Hey Dan, Congrats on the QAA with your Dougan/Pink puppy.
Also I see that you handled and got Jams on two Flat coats in the Q. Pretty impressive.
edit. 
on second look I see that you have been doing rather well with your flat coats. Hope you get a few wins soon!


----------



## Brent McDowell (Jul 2, 2008)

Breck said:


> Hey Dan, Congrats on the QAA with your Dougan/Pink puppy.
> Also I see that you handled and got Jams on two Flat coats in the Q. Pretty impressive.
> edit.
> on second look I see that you have been doing rather well with your flat coats. Hope you get a few wins soon!


Both of Dan's dogs ran a good trial. One more bird and they'd have been in the mix. It was a pleasure to watch them run this weekend.


----------



## Dan Wegner (Jul 7, 2006)

Brent McDowell said:


> Both of Dan's dogs ran a good trial. Oine more bird and they'd have been in the mix. It was a pleasure to watch them run this weekend.

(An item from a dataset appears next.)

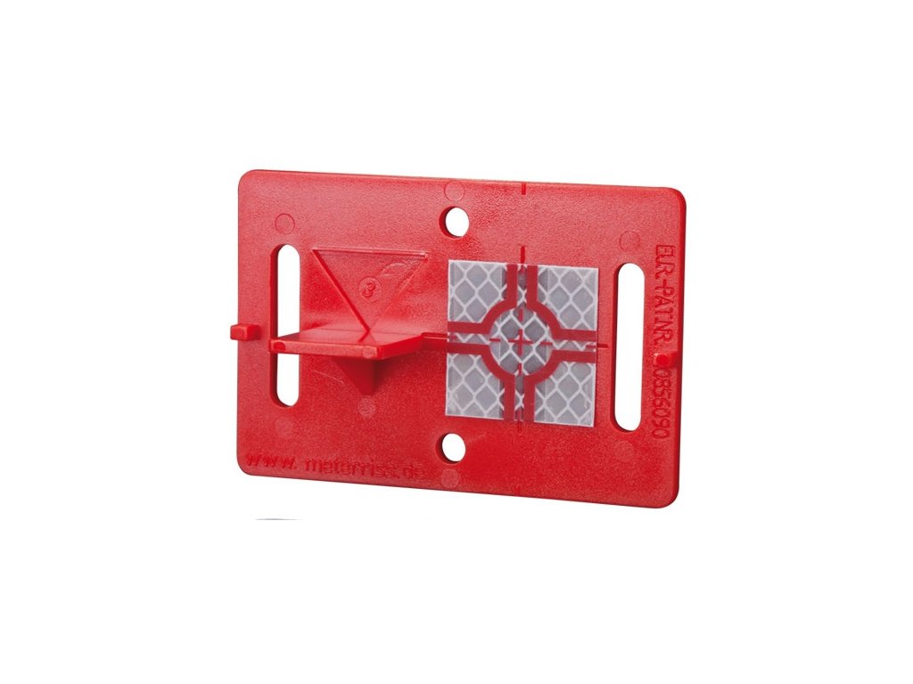 Červená terčová deska 90 x 60 mm, s dálkoměrným filmem 30 x 30 mm. Pomocí moderních totálních stanic lze bod na fólii sledovat až do vzdálenosti 80 m (v závislosti na použitém zařízení).

Thanks everyone. It's always fun to finish a trial in the ribbons. Traitors 2nd was a thrill. Just glad I won't have to run the Coats against him in the Q much more.

My long-haired black dogs try real hard, despite only getting 1, sometimes 2 days of training a week. Just don't tell them they're not Labs.

Congrats to you too Brent. Rex ran a great trial on some very tough tests. That 3rd was hard fought for. Great meeting you too and good luck.

Thanks again and Congrats to all that placed or JAM'd on this hot weekend in MI!


----------